Is this the version you're running?

----------


## JRV

> Is this the version you're running?


Yes

----------


## VinDSL

In that case, I concur with mc4man.

You'll need to 'hack' your prefs using the dconf interface, as suggested in Post #2.   :Wink:

----------


## JRV

Thank you, thread marked solved.

----------


## mahiarmody

I ran into the same issue with Ubuntu 14.04 and after a bit of googling found the solution (It is suppose to work with Ubuntu 13.10 as well):

"If you've removed indicator-appmenu to remove global menus then:

Run the following command from any directory, (one long line):
gsettings set org.gnome.settings-daemon.plugins.xsettings overrides '@a{sv} {"Gtk/ShellShowsAppMenu": <int32 0>}'  

If you've edited gedit.desktop to add an env to keep menu's in it's window then remove the env, typically env UBUNTU_MENUPROXY=

As an aside: if one wanted the app menu present in a root nautilus browser then removing indicator-appmenu & running the above from a root prompt will achieve that."

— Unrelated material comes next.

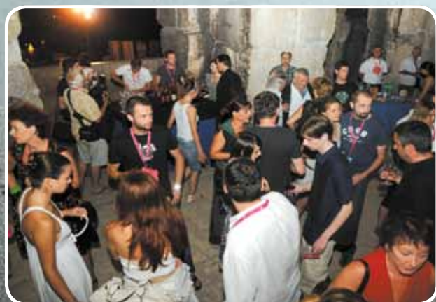
Šuma summarum u Areni
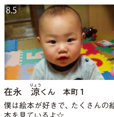
8.5 在永 涼くん 本町1 僕は絵本が好きで、たくさんの絵本を見ているよ☆

The above information is more or less a direct quote from: http://askubuntu.com/questions/36411...mbers-in-gedit
Also see: http://ubuntuforums.org/showthread.p...1#post12821184

This worked for me on Ubuntu 14.04, however, according to the website above, it also worked for people using Ubuntu 13.10. Furthermore, for me, the above-mentioned command also restored the missing "Help" menu in gedit.

I know that my reply comes rather late in the discussion, but I thought it might be helpful none-the-less.

----------


## oldos2er

Since the question was originally about 13.10, closed.

----------